Read from secondaries trade-offs in MongoDB - Time & Space Complexity
When reading data from secondary replicas in MongoDB, it's important to understand how the time to get data changes as the data size grows.
We want to see how reading from secondaries affects the speed of queries as more data is involved.
Analyze the time complexity of this MongoDB query reading from a secondary.
db.collection.find({ status: "active" }).readPreference("secondary")
This query fetches documents with status "active" from a secondary replica instead of the primary.
Look at what repeats when this query runs.
- Primary operation: Scanning documents on the secondary to find matches.
- How many times: Once for each document in the collection or index scanned.
As the number of documents grows, the time to find matching documents also grows.

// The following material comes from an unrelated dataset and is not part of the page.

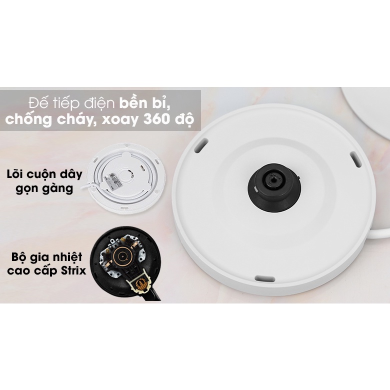 Kết hợp với bộ gia nhiệt cao cấp Strix của Anh Quốc với độ bền sử dụng đến 10.000 lần, kiểm soát nhiệt, bảo vệ người dùng, tránh cháy nổ tối đa. Đặc biệt, sản phẩm còn có tính năng tự ngắt khi nước sôi hay khi cạn nước giúp kéo dài độ bền cho bình đun siêu tốc hiệu quả.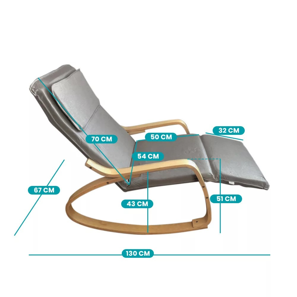 Élvezd a tökéletes kikapcsolódást az állítható lábtartós hintaszékkel, amely a stílust és a kényelmet egyesíti! A 6,5 cm vastag szivacs, a puha fejpárna és az 5 fokozatban állítható lábtartó gondoskodik a maximális pihenésről. Nyírfából készült váza stabil tartást és természetes megjelenést biztosít, miközben 150 kg teherbírásával biztonságos és tartós választás. Tökéletes olvasáshoz, relaxáláshoz vagy egy nyugodt délutáni szieszta eltöltéséhez.

| Input Size (n) | Approx. Operations |
|---|---|
| 10 | About 10 document checks |
| 100 | About 100 document checks |
| 1000 | About 1000 document checks |
Pattern observation: The work grows roughly in direct proportion to the number of documents scanned.
Time Complexity: O(n)
This means the time to read matching documents from secondaries grows linearly with the number of documents scanned.
[X] Wrong: "Reading from secondaries is always faster than from primary because it spreads the load."

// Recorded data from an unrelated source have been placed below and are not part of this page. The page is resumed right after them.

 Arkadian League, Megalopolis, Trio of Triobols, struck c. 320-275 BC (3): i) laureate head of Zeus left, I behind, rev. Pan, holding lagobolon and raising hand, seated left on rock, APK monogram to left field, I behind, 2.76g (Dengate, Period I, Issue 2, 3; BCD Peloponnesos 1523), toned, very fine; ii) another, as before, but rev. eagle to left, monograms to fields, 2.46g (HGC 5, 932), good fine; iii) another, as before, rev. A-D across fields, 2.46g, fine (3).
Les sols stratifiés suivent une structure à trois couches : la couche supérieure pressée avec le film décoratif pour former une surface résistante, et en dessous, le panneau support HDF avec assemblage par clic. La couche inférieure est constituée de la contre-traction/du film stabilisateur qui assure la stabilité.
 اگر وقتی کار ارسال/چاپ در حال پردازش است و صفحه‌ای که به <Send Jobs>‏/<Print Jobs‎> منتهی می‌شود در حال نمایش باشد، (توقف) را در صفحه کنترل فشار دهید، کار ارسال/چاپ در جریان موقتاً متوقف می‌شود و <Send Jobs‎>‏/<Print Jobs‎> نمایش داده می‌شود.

[OK] Correct: While secondaries can reduce primary load, reading from them can be slower if data is not up-to-date or if indexes are missing, causing more scanning work.
Understanding how reading from secondaries affects query time helps you explain trade-offs in distributed databases clearly and confidently.
What if we added an index on the "status" field? How would the time complexity change when reading from secondaries?